The other reason is to block Amanda Chase. The state senator from Chesterfield County has been pushing over-the-top antics, such as wearing a revolver in the legislature. Her populist panache has benefitted her in polls.

A recent poll by Christopher Newport University places Chase at the top with 17 percent with Kirk Cox following with 10 percent. Most polled were undecided.

Chase’s shenanigans have been broadcast nationally and that has some Republicans, who haven’t held the three statewide offices since 2013, feeling skittish about the state’s image.

Add to that Virginia is getting bluer. It voted for Obama, Clinton and Biden – a remarkable change for a state that was once the most conservative in the South.

Although he draws strong support from some Virginians, Trump was largely ignored by many Republicans. A Chase victory would keep Trumpism alive.

“Chase would be deeply problematic for them,” Farnsworth says. In a recent example, Chase announced she was “sick” when a Minneapolis jury convicted police officer Derek Chauvin of murdering George Floyd, an unarmed Black man, by choking him while handcuffed. The slaying touched off national protests, including many in Richmond.

Cox is a safer, known entity who flashes back to days when Republicans were seen as reliable, responsible conservatives with a bent towards helping Big Business. They typically followed a steady career track – work at the party, service as a local or state legislator, or a stint as a commonwealth’s attorney.

A shining example of the old-style Republicanism was Eric Cantor, a well-mannered and well-heeled scion of a respected Richmond family who was ousted by Dave Brat with tea party help.

Candidates Johnson, de la Pena and Duran don’t appear to have much name recognition. But what about Youngkin and Snyder?

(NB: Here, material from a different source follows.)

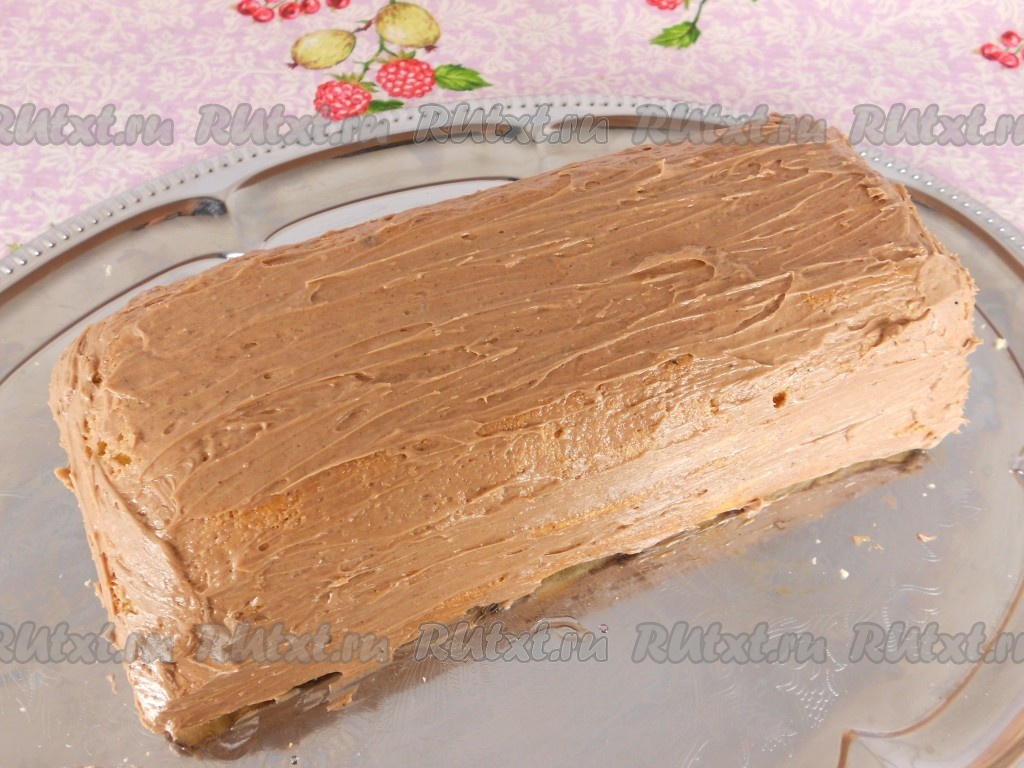Сверху накрыть верхней частью бисквита. Смазать верх и бока кремом с какао-порошком.

They are quite similar in that they worked their way to considerable wealth and have spent much of their lives in Northern Virginia although Youngkin grew up in Richmond’s Bon Air neighborhood and Virginia Beach.

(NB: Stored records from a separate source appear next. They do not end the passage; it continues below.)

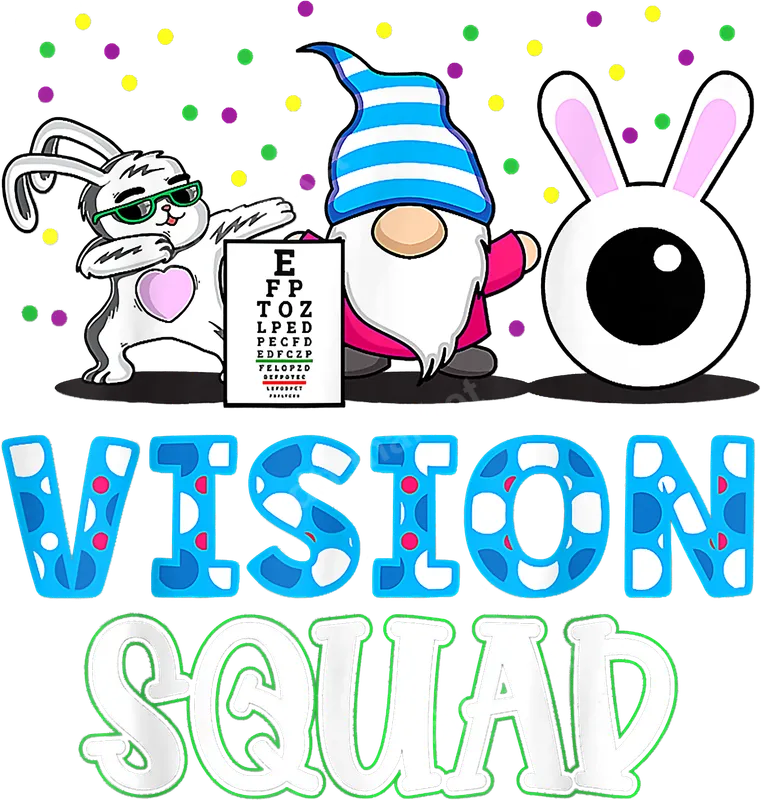 Vision Squad DTF Transfer | Funny Eye Care Gnome & Bunny Design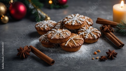 © Artem, Fototapeta premium Christmas baking recipe ideas with ingredients on display
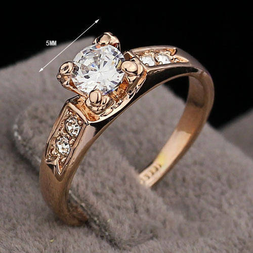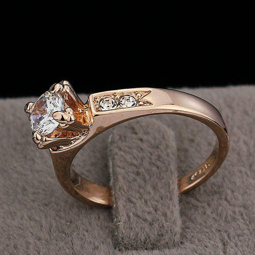 New 18K RGP rose gold ladies Engagement style ring with 1.5ct Austrian crystal and accent stones

Snyder made millions in social media and by being an angel investor. According to WRIC-TV, he has raised more than $6.8 million and he and his wife, Burson, have contributed $5.1 million. Youngkin, whose net worth is listed as more than $300 million, has raised $7.6 million and has tapped $5.5 million of his own money.

The two men have unleashed a series of tough television ads accusing the other of not being conservative enough. That leads analyst Holsworth to note that the complex “unassembled convention” could be a big help for them.

“They are going to hire mathematicians to tell people how to vote,” he says. “They are appealing to the lowest part of the party. This is a battle for the Trump base.”